素晴らしい日、廃墟
昨夜、最寄り近くの駅で人身事故があり僅差で目的地までつくことができず、迂回し帰った。
隣の駅につき、そこから思わぬドライブになってしまったが、帰路の途中にあるローカルハンバーグチェーンがお得なフェアをやっていて不幸中の幸いと、ハンバーグを食べた。
店内では木村カエラの「butterfly」がかかっていて「butterfly 今日はいままでのどんな時より素晴らしい」と歌っていた。この曲は結婚式でかかることが多いらしく、そもそも結婚式でかけるために作られたような感じもする曲だが、結婚式は果たして本当に「どんな時より素晴らしい」日なのだろうか。
結婚式をやっていないので僕にそれを判断する資格はないのだけど。
素晴らしい日というのは、案外そのときには気がつかないようにも思う。
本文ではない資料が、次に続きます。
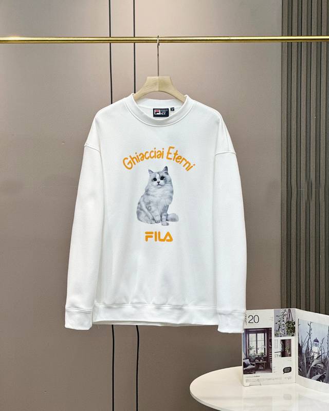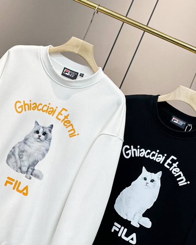 Fila Gao Yuanyuan's Same Style Cat Sweatshirt, Latest Pullover Silver Fox Fleece Crew Neck Sweatshirt, Casual Couple Style, Top Version DDD Sizes: S~XL DDD Colors: Black, White DDD Details: 1:1 replica, heavyweight, latest style from the official store! A must-have! Absolutely a top-quality, exclusive item! Made of 460g high-weight silver fox fleece, incredibly thick and luxurious!! DDD Original print details, printed with imported German digital printing machines, resulting in super clear prints that won't crack even after prolonged wear

たとえば大学に合格した日、そのときはなんと素晴らしい日なんだと思ったものだが、あとから思えば、合格する前、予備校の休憩室で友人と授業後にコーヒーを飲みながら喋っていたときの方が特別な瞬間だったのではないかと感じる。
イリヤ・カバコフとボリス・グロイスの対談で2人が大衆と、歴史的人物の対照的な在り方について話していた。大衆はその匿名性により、大衆という存在として半永久の生命を得る。それに対して歴史的人物や、あるいはそこまで行かずとも個人としては名を馳せた人々は歴史の流れに点として穿たれ、有限の生に留まらざるをえない。概ねこんな内容だったような気がする。
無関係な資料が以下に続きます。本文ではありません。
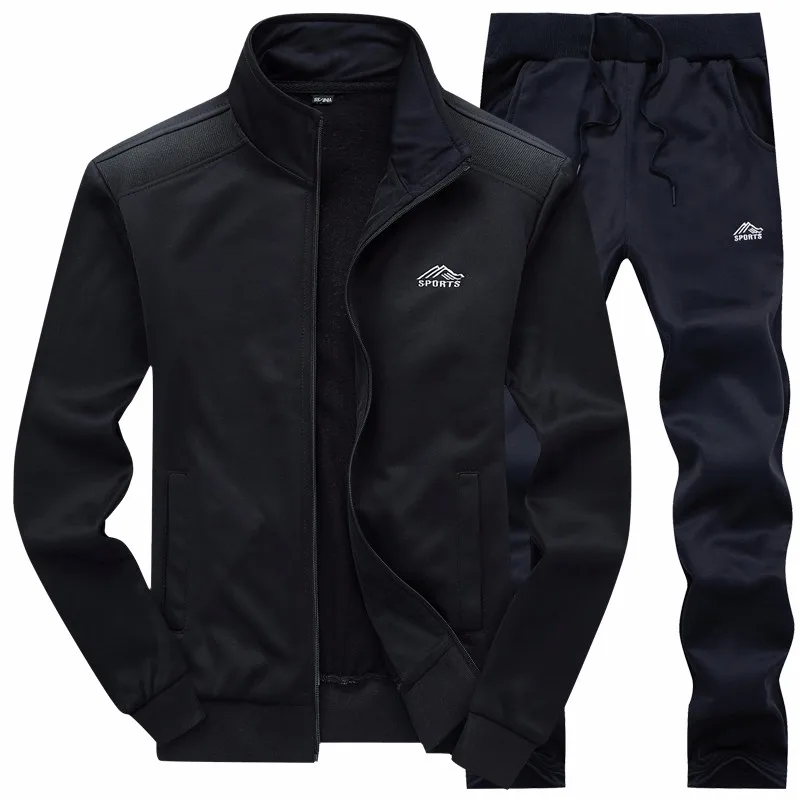 Мужской костюм из 2 предметов, теплый спортивный костюм на молнии с вышивкой и спортивные штаны, 2021

これは人に対しての話だけど、記憶や出来事に関しても似たようなことが言えそう。つまり、なにか特別なイベントは点であって持続を持たず、むしろ生の水流に溶け込むような、他愛ない出来事のほうが永く在り続けるのかもしれない。
ジムのお風呂の脱衣所でおじさんが「入院すると健康のありがたみがわかるよなぁ!」と大声で誰かと話していた。虎舞竜(なんだそりゃ)の歌ではないが、なんでもないことは無くならないと気がつかない。
そういえばアトリエに向かう途中の道角、建物が取り壊されていたが、一体なんの建物だったかいまや思い出せず、その記憶の覚束なさに一抹の寂しさを覚える。
寂しさが「覚える」と表現されるのは面白い。忘却のその隙間を埋めるのは、感情であることをうまく表しているではないか。
もはや何があったのかも忘れてしまったとしても、消失の跡形が悲しみであることだけははっきりとしている。
*
廃墟とは、当然だがこの喪失に深く関わっている。その造形的な魅力を讃えるのはある危険を伴っている。世界にはスヴェトラーナ・ボイムが指摘するように「廃墟を許容することが生活の悲しき必要性」となっている場所がある。
その必要性の前に美を見出す能力は沈黙するほかない。